Streetlights have been used on our roads since 1879, yet this past week anyone driving amid the aftermath of Sandy would have found themselves playing right of way chicken with other road warriors. It is Friday afternoon, November 2, 2012, and I am wrapped up in several layers of converters in my home. I begin to write, pen on paper and not keyboard to Ipad. There is no word as to when the power will come back on Delancy Street, whilst the Ironbound from my roof at night looks like an alternating street light up show.
There were no deadlines that needed to be met, no traffic on the way to work, no third cup of coffee before eleven. There was no texting, no television, no Facebook, no tweeting, and no Instragrammed photos manipulated for that studio quality feel of girls sticking their bottoms out in front of a mirror in the bathroom.
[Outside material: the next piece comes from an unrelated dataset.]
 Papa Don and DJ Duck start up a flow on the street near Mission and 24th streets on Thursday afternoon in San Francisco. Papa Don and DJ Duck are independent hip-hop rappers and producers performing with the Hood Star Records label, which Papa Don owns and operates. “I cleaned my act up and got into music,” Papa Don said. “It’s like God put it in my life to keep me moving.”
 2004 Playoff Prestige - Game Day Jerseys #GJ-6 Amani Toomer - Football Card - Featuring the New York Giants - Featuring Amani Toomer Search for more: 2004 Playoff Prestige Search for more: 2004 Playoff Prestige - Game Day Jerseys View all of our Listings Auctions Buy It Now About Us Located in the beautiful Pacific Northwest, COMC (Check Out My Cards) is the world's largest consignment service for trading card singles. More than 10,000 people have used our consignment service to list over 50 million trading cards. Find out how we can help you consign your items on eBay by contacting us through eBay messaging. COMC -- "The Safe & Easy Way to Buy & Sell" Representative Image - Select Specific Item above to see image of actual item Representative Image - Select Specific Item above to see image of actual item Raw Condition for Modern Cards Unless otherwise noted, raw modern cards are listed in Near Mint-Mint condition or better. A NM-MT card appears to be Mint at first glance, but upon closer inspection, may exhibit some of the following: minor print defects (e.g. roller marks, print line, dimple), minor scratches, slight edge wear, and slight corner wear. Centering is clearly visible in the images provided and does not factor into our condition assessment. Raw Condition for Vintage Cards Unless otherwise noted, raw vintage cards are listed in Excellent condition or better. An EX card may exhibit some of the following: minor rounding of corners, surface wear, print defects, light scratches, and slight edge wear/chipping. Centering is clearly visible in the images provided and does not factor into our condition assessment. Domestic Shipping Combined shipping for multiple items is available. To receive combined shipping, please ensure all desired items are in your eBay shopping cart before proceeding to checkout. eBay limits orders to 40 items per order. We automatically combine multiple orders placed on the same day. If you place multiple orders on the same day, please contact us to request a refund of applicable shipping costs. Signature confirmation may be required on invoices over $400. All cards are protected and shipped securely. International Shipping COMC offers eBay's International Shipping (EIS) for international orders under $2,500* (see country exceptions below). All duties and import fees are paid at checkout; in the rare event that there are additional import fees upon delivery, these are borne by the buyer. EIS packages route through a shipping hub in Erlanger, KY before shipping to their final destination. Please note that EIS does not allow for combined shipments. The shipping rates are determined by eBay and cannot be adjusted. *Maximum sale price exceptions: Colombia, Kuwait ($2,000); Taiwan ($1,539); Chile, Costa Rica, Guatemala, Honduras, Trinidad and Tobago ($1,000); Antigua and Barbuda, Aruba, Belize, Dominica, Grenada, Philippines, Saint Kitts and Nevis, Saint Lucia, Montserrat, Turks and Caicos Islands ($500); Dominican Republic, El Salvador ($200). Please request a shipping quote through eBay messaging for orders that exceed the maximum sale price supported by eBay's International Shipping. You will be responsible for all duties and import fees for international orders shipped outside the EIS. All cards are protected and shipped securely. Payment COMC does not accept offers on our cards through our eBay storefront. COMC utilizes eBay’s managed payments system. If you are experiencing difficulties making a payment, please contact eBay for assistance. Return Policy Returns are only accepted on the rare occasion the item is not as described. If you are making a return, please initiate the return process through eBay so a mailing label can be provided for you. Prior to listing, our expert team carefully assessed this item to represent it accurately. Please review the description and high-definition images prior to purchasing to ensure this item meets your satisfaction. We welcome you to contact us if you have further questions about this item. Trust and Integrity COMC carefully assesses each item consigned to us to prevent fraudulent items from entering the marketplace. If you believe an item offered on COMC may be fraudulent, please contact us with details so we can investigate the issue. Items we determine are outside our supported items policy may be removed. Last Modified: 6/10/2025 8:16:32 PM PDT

There was time to read Arthur Phillips’ Prague. It had been on my shelf for three years. There was that moment where I was able to talk to my mother for the first time in five years, the time I was able to spend with my granddaughter, the Sterno makeshift stove my father and me put together to have warm meals, the candlelight dinners, and the bartering over mortgages and properties during a game of Monopoly. The dulling prospects and vicissitudes of darkening days became the backdrop to living life together, and we all gained perspective.
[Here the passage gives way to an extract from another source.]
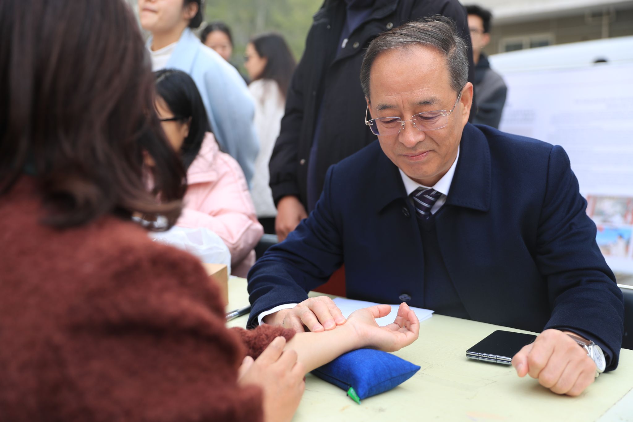 “名医义诊区”内,药学院院长庞宗然为师生诊脉。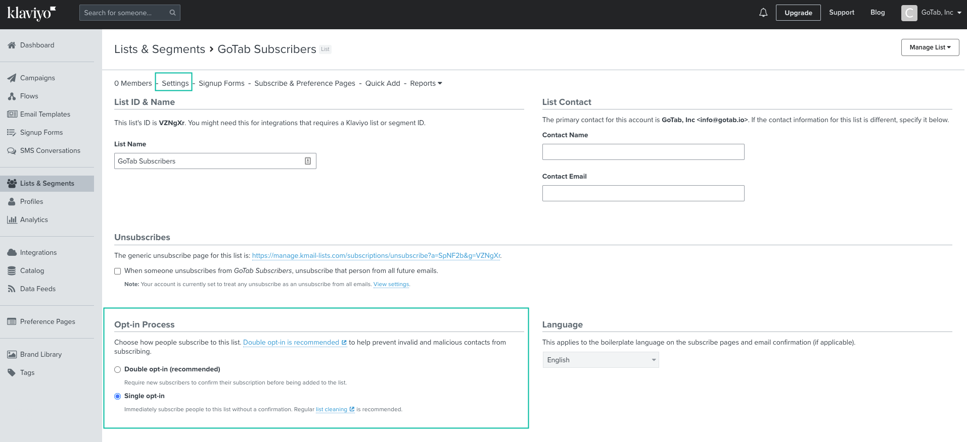 Once the list is created, select Settings. By default, every Klaviyo list is set for Double opt-in. GoTab recommends changing the list settings to single opt-in. This will help ensure your new subscribers are automatically added in Klaviyo without the requirement of confirming in a email that may be sent to a spam inbox.

Someone was sitting in their cars for five hours waiting for gas when their work was canceled. There was no place to go, but that person just loves waiting in line. There is such a sense of urgency to do nothing amongst the majority of us that we lull ourselves into hopeless states of idiotic behaviorism. Nothing bars this person from doing everything in their power to feel uninspired, and waste their time.
Walking over several patrons charging their cell phones at the lobby of CVS, I turned myself right around. I didn’t need anything but what was already at home, my family.